**Activity**
In the data below, one line contains "Aquila che afferra" and a later one contains "PRIVATE COLLECTION - Silver". Print both, with every line between them, exactly and alone.
- - - - - - -
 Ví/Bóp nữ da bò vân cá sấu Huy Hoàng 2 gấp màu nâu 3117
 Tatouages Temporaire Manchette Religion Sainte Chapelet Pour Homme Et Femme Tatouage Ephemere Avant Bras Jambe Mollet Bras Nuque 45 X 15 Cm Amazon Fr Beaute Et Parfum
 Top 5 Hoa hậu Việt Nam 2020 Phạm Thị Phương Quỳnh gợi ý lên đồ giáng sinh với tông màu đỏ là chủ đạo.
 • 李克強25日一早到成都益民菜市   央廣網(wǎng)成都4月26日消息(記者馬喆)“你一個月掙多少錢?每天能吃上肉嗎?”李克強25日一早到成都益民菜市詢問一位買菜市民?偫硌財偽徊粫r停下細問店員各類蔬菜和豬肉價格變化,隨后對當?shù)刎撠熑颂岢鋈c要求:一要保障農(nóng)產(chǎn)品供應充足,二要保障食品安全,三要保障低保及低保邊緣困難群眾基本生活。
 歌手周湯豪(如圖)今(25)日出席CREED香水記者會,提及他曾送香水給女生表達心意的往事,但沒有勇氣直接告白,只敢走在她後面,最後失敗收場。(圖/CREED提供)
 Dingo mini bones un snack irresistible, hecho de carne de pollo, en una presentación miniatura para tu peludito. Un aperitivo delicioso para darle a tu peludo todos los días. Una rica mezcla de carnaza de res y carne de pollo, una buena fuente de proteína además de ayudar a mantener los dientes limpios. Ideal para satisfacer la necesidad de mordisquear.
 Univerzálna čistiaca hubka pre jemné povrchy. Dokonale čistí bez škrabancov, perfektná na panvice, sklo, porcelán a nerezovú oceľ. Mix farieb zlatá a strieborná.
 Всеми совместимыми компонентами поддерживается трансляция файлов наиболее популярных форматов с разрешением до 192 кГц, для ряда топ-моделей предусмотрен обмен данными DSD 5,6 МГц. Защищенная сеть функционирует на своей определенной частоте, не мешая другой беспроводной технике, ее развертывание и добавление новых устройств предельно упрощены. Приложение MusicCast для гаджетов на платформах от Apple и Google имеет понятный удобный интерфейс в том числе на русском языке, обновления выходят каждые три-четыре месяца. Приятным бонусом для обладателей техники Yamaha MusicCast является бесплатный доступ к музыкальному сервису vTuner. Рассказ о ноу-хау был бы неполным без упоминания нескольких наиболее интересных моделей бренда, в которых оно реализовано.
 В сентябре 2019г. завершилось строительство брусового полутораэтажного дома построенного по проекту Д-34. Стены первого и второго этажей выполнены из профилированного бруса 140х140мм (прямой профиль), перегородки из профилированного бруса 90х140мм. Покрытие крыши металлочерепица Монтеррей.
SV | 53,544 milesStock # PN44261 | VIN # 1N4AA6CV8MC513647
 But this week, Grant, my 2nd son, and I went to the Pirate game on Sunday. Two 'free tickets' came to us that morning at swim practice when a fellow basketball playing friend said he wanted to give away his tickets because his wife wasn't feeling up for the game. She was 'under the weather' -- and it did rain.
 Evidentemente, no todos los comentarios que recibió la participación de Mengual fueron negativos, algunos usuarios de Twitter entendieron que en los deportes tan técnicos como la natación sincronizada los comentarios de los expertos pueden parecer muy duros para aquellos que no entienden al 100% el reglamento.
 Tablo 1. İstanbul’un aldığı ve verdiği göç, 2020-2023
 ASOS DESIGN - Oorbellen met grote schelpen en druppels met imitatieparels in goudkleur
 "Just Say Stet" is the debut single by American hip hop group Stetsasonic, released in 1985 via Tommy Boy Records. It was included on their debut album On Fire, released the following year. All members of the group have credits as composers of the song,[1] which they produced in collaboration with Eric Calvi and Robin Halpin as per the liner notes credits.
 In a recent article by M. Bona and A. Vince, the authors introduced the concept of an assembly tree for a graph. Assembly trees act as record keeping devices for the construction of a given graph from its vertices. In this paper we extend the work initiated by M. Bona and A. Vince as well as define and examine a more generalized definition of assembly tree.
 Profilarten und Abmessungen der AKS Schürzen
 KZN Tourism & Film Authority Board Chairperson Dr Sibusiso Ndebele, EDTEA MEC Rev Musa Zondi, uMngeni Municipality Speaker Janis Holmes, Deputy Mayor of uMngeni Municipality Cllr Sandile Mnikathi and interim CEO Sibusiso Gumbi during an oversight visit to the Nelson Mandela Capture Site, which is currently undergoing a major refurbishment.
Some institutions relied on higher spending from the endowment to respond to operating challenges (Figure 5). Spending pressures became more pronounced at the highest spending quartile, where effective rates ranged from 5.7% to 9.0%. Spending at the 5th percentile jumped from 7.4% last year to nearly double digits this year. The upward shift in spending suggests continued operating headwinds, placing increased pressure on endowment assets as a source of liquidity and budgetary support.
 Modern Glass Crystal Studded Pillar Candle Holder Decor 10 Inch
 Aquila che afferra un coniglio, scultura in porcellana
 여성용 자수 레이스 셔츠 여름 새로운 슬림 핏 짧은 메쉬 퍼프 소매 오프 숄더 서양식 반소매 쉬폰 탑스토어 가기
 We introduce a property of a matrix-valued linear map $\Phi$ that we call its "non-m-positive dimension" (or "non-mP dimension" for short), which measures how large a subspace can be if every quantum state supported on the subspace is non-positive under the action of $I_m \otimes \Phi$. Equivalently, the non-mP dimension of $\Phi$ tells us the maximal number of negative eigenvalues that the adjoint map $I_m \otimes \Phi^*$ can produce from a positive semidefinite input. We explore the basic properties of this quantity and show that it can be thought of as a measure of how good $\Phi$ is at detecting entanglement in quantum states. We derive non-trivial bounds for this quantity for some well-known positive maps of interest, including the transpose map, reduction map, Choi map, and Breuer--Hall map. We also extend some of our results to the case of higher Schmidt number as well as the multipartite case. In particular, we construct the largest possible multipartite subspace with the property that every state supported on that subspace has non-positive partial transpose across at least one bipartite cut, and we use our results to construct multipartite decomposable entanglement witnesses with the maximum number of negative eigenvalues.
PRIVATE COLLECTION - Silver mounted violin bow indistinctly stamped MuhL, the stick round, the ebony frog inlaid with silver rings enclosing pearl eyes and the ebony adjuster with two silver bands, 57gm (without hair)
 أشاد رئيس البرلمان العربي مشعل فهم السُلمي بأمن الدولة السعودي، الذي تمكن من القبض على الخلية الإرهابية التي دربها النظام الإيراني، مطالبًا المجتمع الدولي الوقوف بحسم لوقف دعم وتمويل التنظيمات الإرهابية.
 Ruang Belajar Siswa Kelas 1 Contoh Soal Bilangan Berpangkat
- - - - - - -
**Output of the exercise**
 Aquila che afferra un coniglio, scultura in porcellana
 여성용 자수 레이스 셔츠 여름 새로운 슬림 핏 짧은 메쉬 퍼프 소매 오프 숄더 서양식 반소매 쉬폰 탑스토어 가기
 We introduce a property of a matrix-valued linear map $\Phi$ that we call its "non-m-positive dimension" (or "non-mP dimension" for short), which measures how large a subspace can be if every quantum state supported on the subspace is non-positive under the action of $I_m \otimes \Phi$. Equivalently, the non-mP dimension of $\Phi$ tells us the maximal number of negative eigenvalues that the adjoint map $I_m \otimes \Phi^*$ can produce from a positive semidefinite input. We explore the basic properties of this quantity and show that it can be thought of as a measure of how good $\Phi$ is at detecting entanglement in quantum states. We derive non-trivial bounds for this quantity for some well-known positive maps of interest, including the transpose map, reduction map, Choi map, and Breuer--Hall map. We also extend some of our results to the case of higher Schmidt number as well as the multipartite case. In particular, we construct the largest possible multipartite subspace with the property that every state supported on that subspace has non-positive partial transpose across at least one bipartite cut, and we use our results to construct multipartite decomposable entanglement witnesses with the maximum number of negative eigenvalues.
PRIVATE COLLECTION - Silver mounted violin bow indistinctly stamped MuhL, the stick round, the ebony frog inlaid with silver rings enclosing pearl eyes and the ebony adjuster with two silver bands, 57gm (without hair)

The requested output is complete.